Task description
Where a record contains a picture, omit the picture and repeat the rest exactly.

Stored records
<<<<

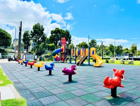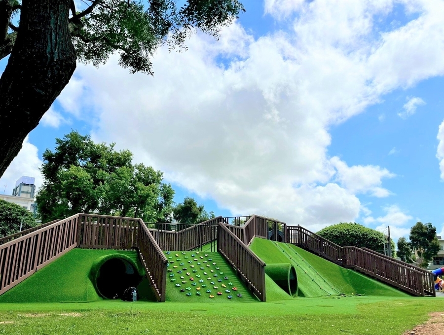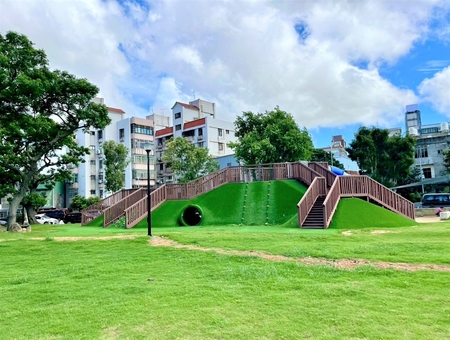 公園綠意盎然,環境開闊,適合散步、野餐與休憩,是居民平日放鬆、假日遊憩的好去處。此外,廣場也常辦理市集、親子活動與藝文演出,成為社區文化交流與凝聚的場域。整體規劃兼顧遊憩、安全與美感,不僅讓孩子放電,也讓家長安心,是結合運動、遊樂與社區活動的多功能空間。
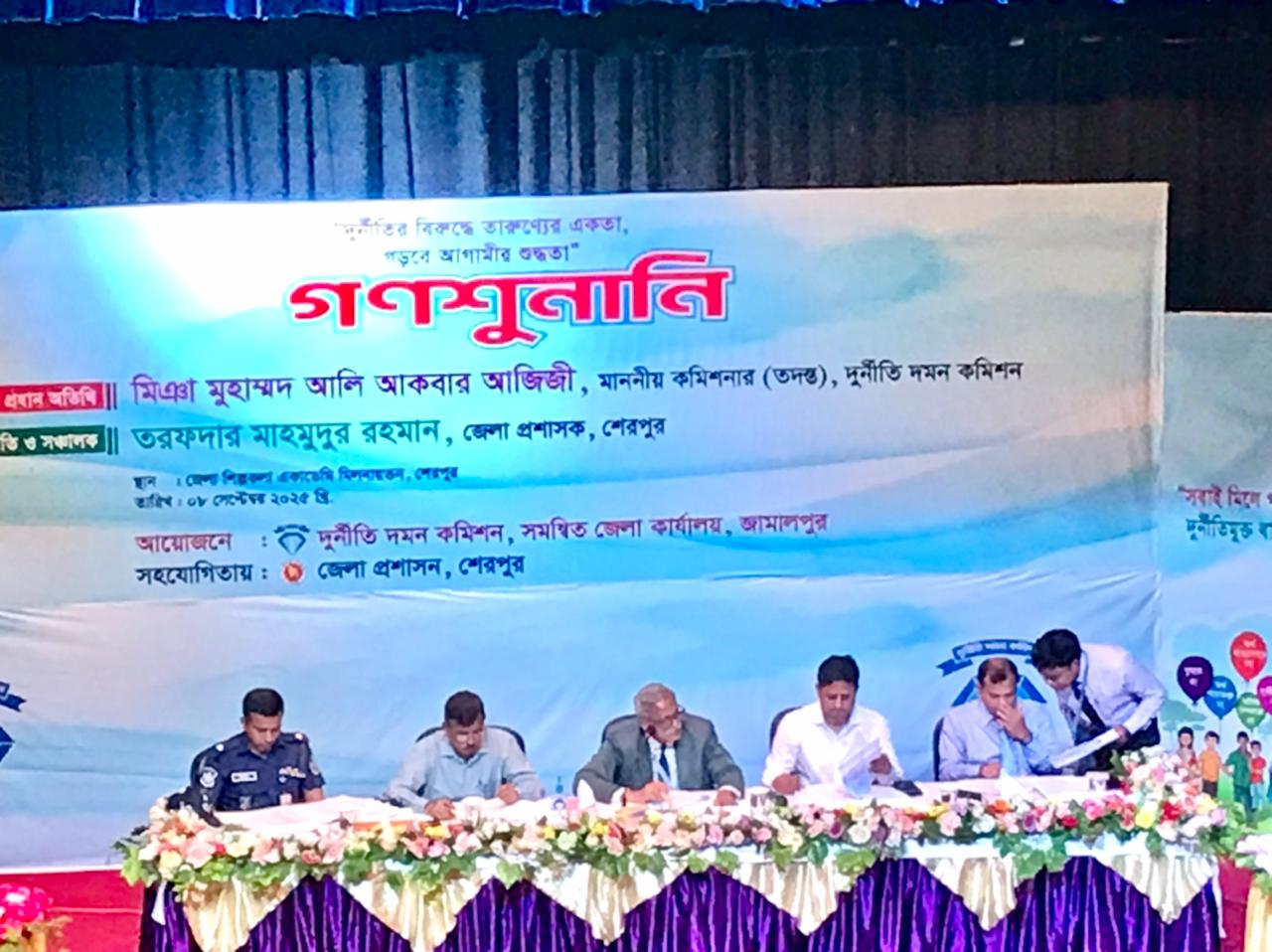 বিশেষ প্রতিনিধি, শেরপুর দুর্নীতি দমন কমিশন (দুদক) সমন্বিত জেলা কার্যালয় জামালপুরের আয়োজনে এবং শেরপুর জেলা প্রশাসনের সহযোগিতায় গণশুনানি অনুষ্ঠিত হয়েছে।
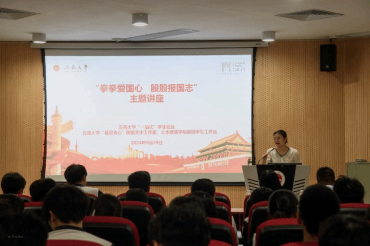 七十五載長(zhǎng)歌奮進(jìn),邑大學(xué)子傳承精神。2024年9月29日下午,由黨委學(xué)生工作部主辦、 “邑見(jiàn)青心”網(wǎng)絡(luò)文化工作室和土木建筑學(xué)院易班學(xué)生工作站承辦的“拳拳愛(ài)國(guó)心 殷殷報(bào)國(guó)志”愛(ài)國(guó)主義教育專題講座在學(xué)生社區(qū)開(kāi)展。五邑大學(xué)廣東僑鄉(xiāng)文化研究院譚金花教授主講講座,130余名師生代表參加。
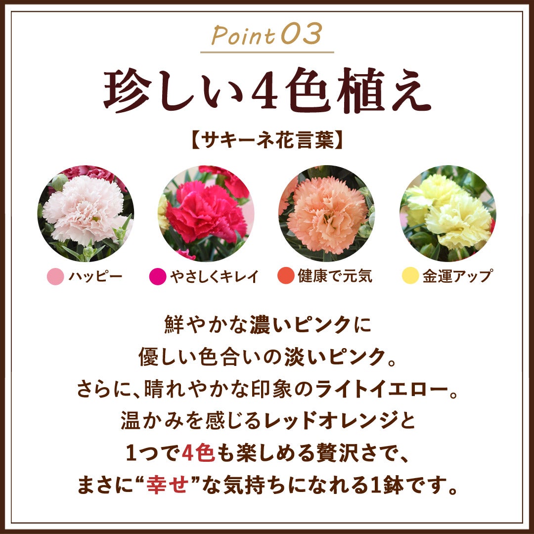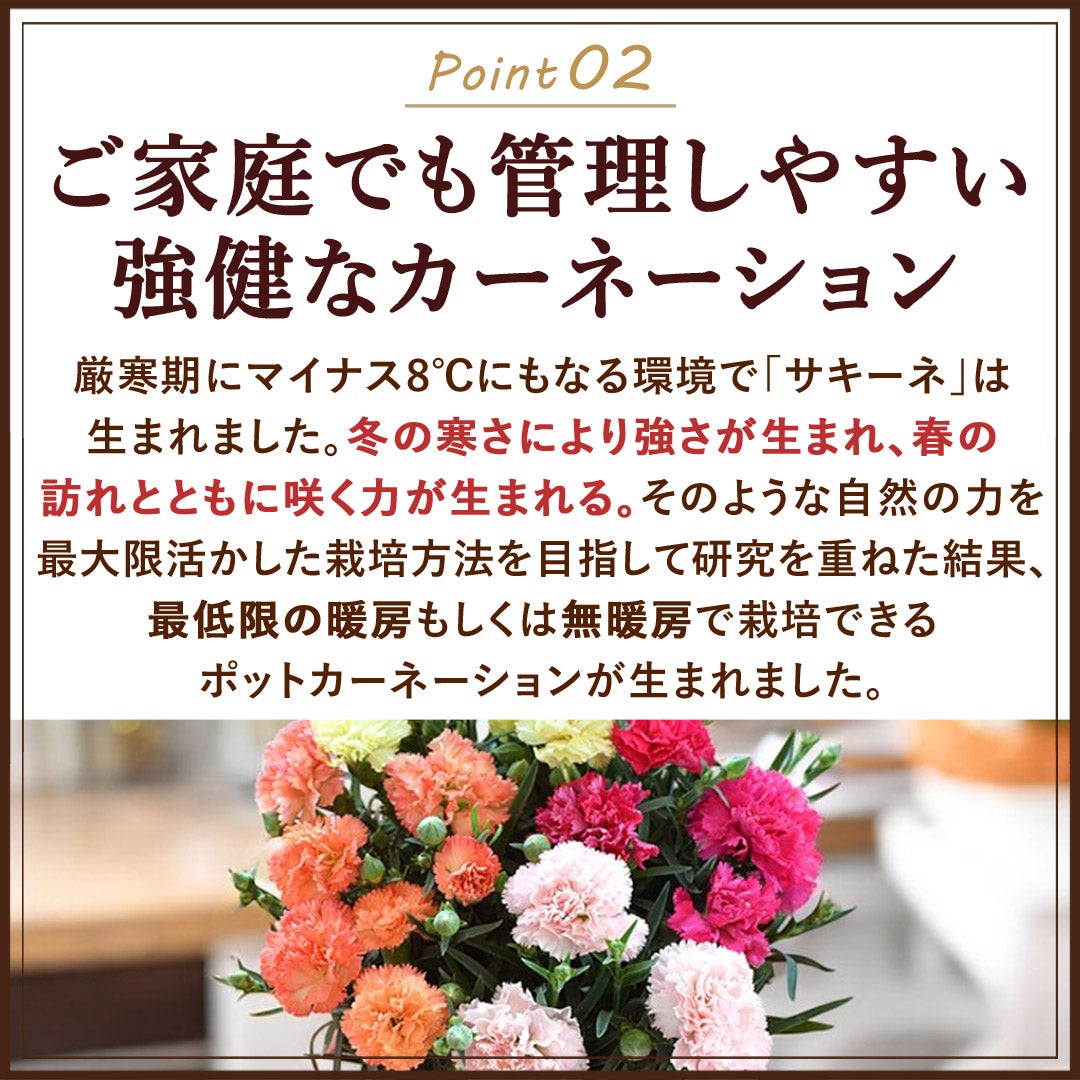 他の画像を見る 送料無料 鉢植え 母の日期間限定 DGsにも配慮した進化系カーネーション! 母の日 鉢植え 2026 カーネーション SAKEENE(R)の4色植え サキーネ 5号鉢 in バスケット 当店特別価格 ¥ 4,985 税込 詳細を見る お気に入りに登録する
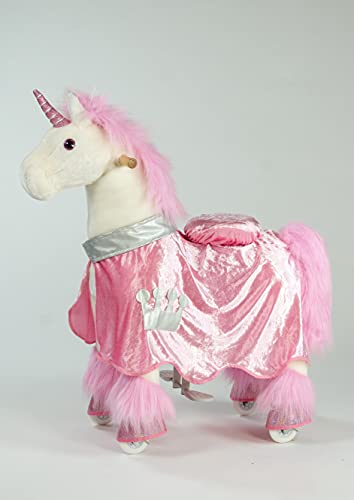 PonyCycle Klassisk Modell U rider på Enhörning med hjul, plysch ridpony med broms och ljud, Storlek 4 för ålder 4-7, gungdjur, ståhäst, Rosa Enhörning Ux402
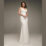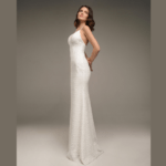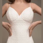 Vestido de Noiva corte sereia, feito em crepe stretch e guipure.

>>>>

Written answer
 公園綠意盎然,環境開闊,適合散步、野餐與休憩,是居民平日放鬆、假日遊憩的好去處。此外,廣場也常辦理市集、親子活動與藝文演出,成為社區文化交流與凝聚的場域。整體規劃兼顧遊憩、安全與美感,不僅讓孩子放電,也讓家長安心,是結合運動、遊樂與社區活動的多功能空間。
 বিশেষ প্রতিনিধি, শেরপুর দুর্নীতি দমন কমিশন (দুদক) সমন্বিত জেলা কার্যালয় জামালপুরের আয়োজনে এবং শেরপুর জেলা প্রশাসনের সহযোগিতায় গণশুনানি অনুষ্ঠিত হয়েছে।
 七十五載長(zhǎng)歌奮進(jìn),邑大學(xué)子傳承精神。2024年9月29日下午,由黨委學(xué)生工作部主辦、 “邑見(jiàn)青心”網(wǎng)絡(luò)文化工作室和土木建筑學(xué)院易班學(xué)生工作站承辦的“拳拳愛(ài)國(guó)心 殷殷報(bào)國(guó)志”愛(ài)國(guó)主義教育專題講座在學(xué)生社區(qū)開(kāi)展。五邑大學(xué)廣東僑鄉(xiāng)文化研究院譚金花教授主講講座,130余名師生代表參加。
 他の画像を見る 送料無料 鉢植え 母の日期間限定 DGsにも配慮した進化系カーネーション! 母の日 鉢植え 2026 カーネーション SAKEENE(R)の4色植え サキーネ 5号鉢 in バスケット 当店特別価格 ¥ 4,985 税込 詳細を見る お気に入りに登録する
 PonyCycle Klassisk Modell U rider på Enhörning med hjul, plysch ridpony med broms och ljud, Storlek 4 för ålder 4-7, gungdjur, ståhäst, Rosa Enhörning Ux402
 Vestido de Noiva corte sereia, feito em crepe stretch e guipure.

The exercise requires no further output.